Al concerto dell’Olimpico il gruppo americano canta “Imagine” e mostra sul maxi schermo gli slogan #apriteiporti e #saveisnotcrime. Apriti cielo, Rita Pavone sbotta, Salvini e Meloni si accodano e c’è chi chiede l’arresto dei Pearl Jam “complici degli assassini”!

Nella ricerca ossessiva di sempre nuovi nemici da combattere che sembra essere diventato lo sport nazionale del nostro paese, eccone spuntare uno per certi versi inatteso: i Pearl Jam.
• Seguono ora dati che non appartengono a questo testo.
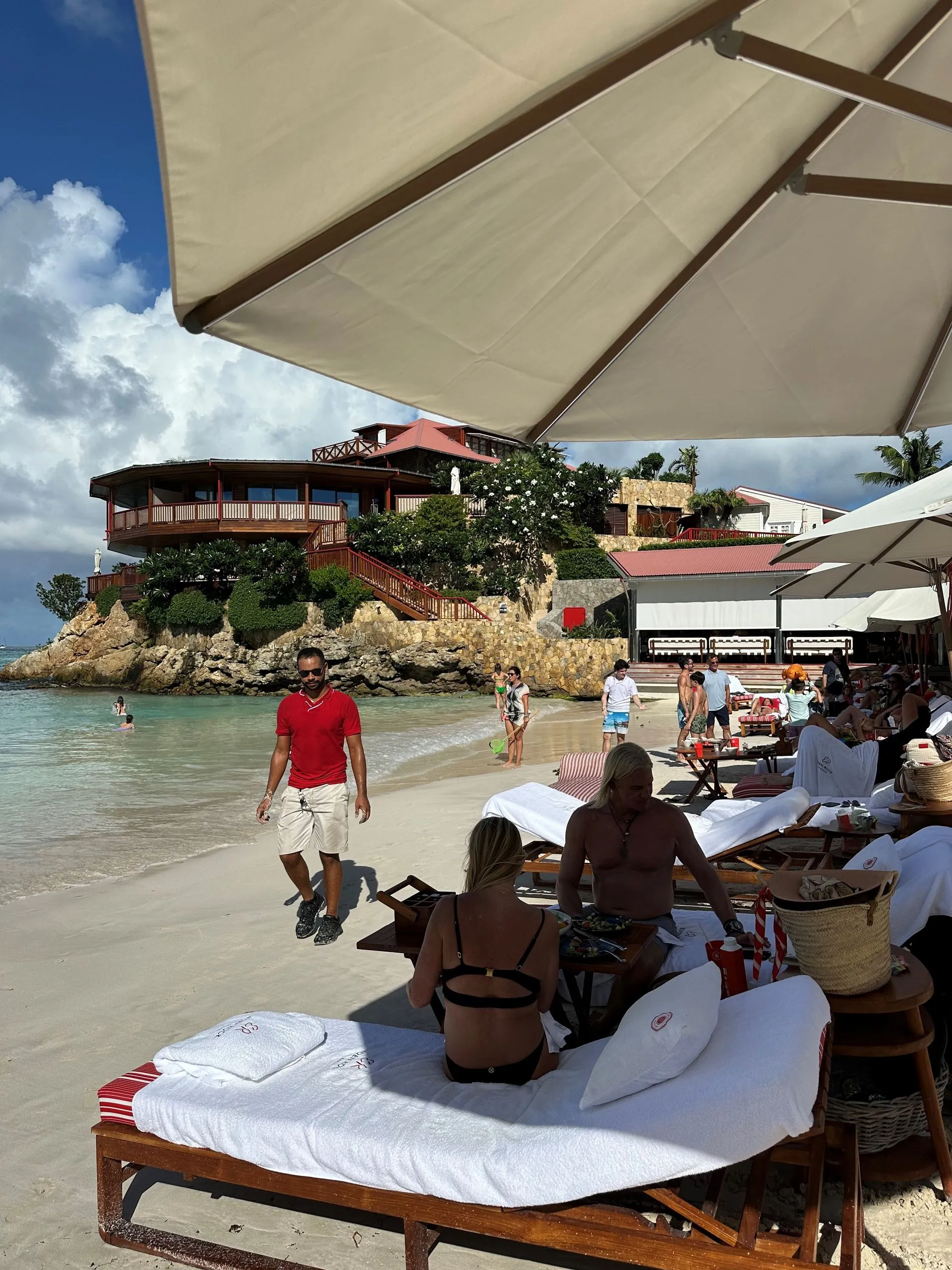 Cousin Cathy decided to give me a glimpse into the upper elite world, via a day trip to St. Barthelemy! We took a 45 minute ferry from Philipsburg, St. Maartins to Gustavia, St. Barthelemy and had to clear customs, both ways. Gustavia is like the Rodeo Drive of the Caribbean - lots of huge yachts and fancy shops line the marina. We had to stay extra-long is D&G because a passing rain shower hit as we were about to exit - very nice sales lady insisted we stay and check out 2nd floor! Was fun see all the iconic items I have vaguely heard about over the years. Rod bought Cathy a bracelet in Hermes for her 60th Birthday!
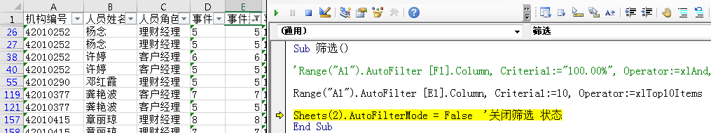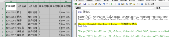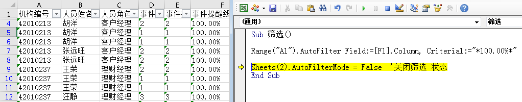 Field 指筛选哪一列的列序号,示例:Range("A1").AutoFilter Field:=[F1].Column, Criteria1:="*100.00%*"
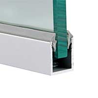 Такий вид монтажу має на увазі установку прозорого полотна в спеціальні осередки, які кріпляться до підлоги або стіни. Профіль може бути виконаний з алюмінію або нержавіючої сталі і пофарбований в різні кольори.
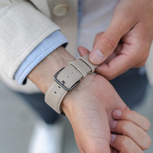 Benvenuti nell’angolo della moda vegana. Rimarrai colpito da come questi cinturini per Apple Watch realizzati con pelle di mela riciclata possano essere facilmente scambiati per pelle. La superficie morbida al tatto ma solida di questi cinturini è molto speciale e specificamente progettata per offrire un comfort assoluto al polso, assicurando al contempo un perfetto abbinamento di vari stili, da quelli più eleganti a quelli più casual. Compatibile con AW con cassa piccola 38/40/41 mm e quella grande 42/44/45/49 mm e, adatto alla versione 8,ULTRA & SE 7|6| 5|4|3|2|1.
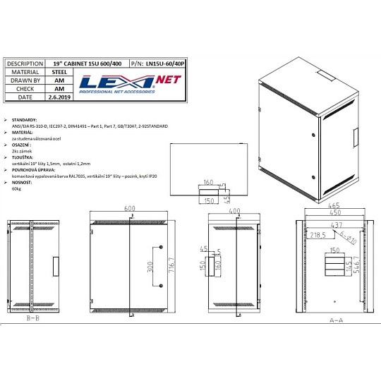 | Povrchová úprava: | komaxitová vypalovaná barva RAL7035 - šedá vertikální 19" lišty - pozink |
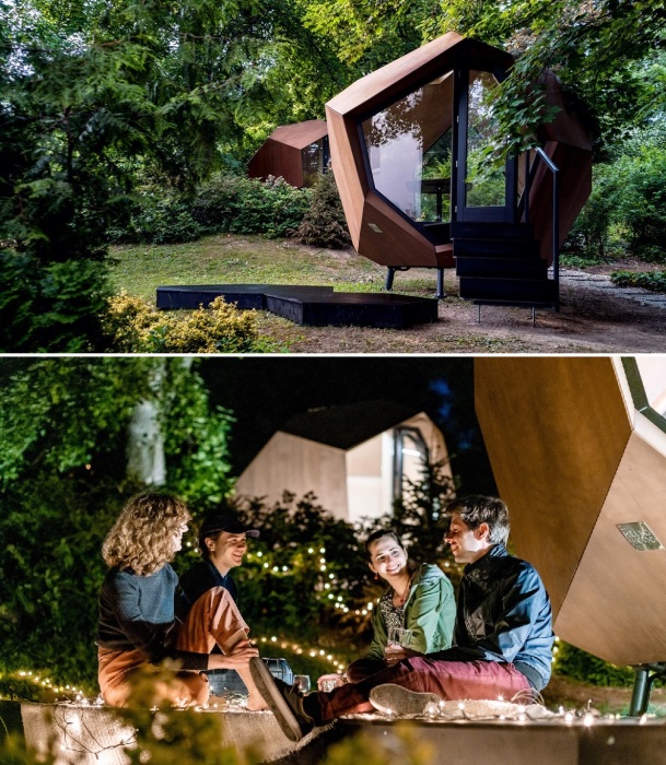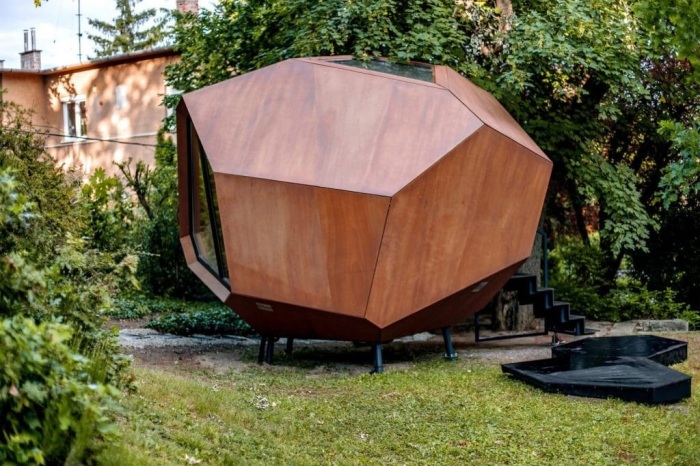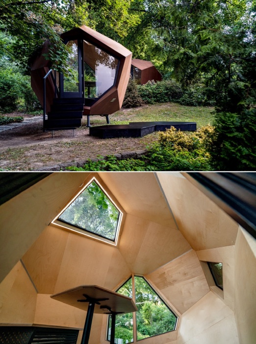 Чтобы этого избежать, многие сотрудники на «удаленке» стали задумываться о приобретении или строительстве изолированных крошечных домиков, которые в любое время можно было бы перепрофилировать, когда надобность в домашнем офисе пропадет. На страницах Novate.ru можно увидеть массу интересных проектов, связанных с разделением жизненных пространств, но 15-гранный домик от венгерской дизайн-студии Hello Wood также заслуживает нашего внимания.

Il noto gruppo musicale americano è tornato in Italia dopo 22 anni (il suo leader Eddie Vedder fu protagonista di due concerti, a Firenze e Taormina, nell’estate 2017 ma senza il resto della band) per tre concerti rispettivamente a Milano, Padova e Roma che hanno fatto registrare il prevedibilissimo pieno (quasi 200 mila spettatori complessivamente nei tre concerti).

Peccato, però, che in occasione del concerto all’Olimpico di Roma è accaduto il “fattaccio”, l’episodio che in quel folle e nevrotico paese che è diventato l’Italia di questi periodi ha scatenato un vero e proprio incidente diplomatico.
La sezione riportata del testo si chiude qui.